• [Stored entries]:
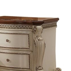 The Picardy Collection 31″ Nightstand brings the influence of European antiques to life with traditional carvings, detailed looping and a gorgeous antique pearl finish. It includes five drawers, two doors, metal hardware and raised scrolled trim. It is crafted of poplar and aspen wood construction for long lastng. We love that its streamlined design makes this piece blend with decor styles from minimal to contemporary.
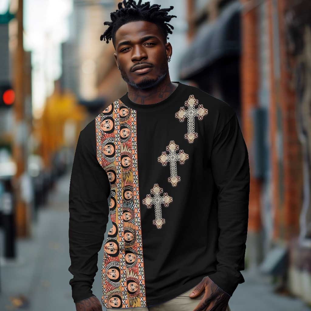 Ethiopia Angels Tilet With Cross Long Sleeve Shirt Black Color
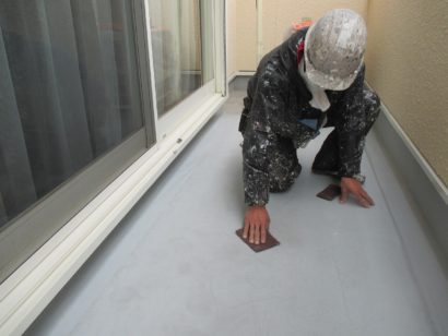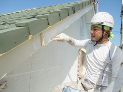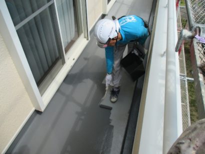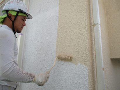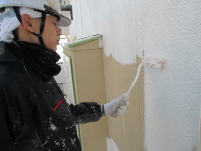 接着剤の役目がある下塗りは、密着性を高めるためしっかりと塗っていきます。
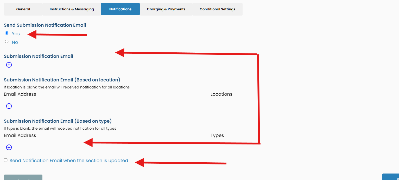 Click Yes and add your email in this area and check off send email when updated. You can set your email to be based on location or types if different staff need to get the notification based on different types or location
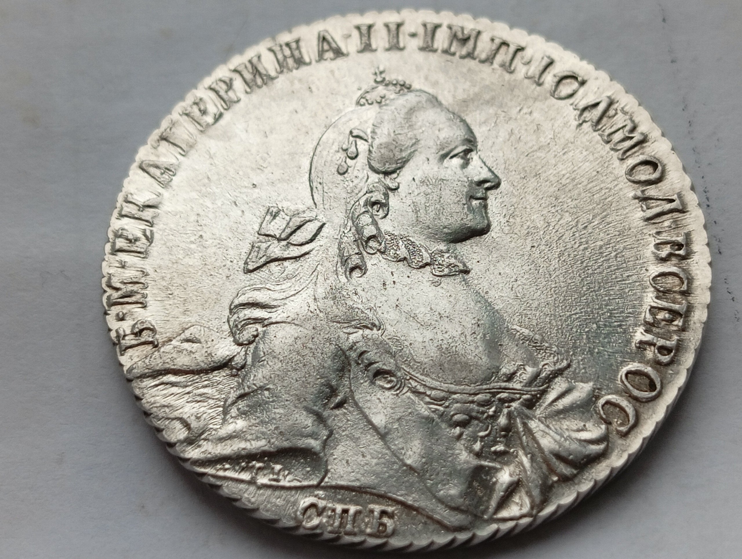 Монета представляет собой копию серебряного рубля 1764 года, отчеканенного при Екатерине II на Санкт-Петербургском монетном дворе (обозначение СПБ). Несмотря на внешнюю привлекательность, это подделка. Эксперты отмечают неестественную зернистость поля, подозрительный вид портрета и чрезмерный блеск, характерный для новоделов или литья.

• [Work to complete]: Reproduce the data above exactly, leaving out any picture in it.

• [Written response]:
 The Picardy Collection 31″ Nightstand brings the influence of European antiques to life with traditional carvings, detailed looping and a gorgeous antique pearl finish. It includes five drawers, two doors, metal hardware and raised scrolled trim. It is crafted of poplar and aspen wood construction for long lastng. We love that its streamlined design makes this piece blend with decor styles from minimal to contemporary.
 Ethiopia Angels Tilet With Cross Long Sleeve Shirt Black Color
 接着剤の役目がある下塗りは、密着性を高めるためしっかりと塗っていきます。
 Click Yes and add your email in this area and check off send email when updated. You can set your email to be based on location or types if different staff need to get the notification based on different types or location
 Монета представляет собой копию серебряного рубля 1764 года, отчеканенного при Екатерине II на Санкт-Петербургском монетном дворе (обозначение СПБ). Несмотря на внешнюю привлекательность, это подделка. Эксперты отмечают неестественную зернистость поля, подозрительный вид портрета и чрезмерный блеск, характерный для новоделов или литья.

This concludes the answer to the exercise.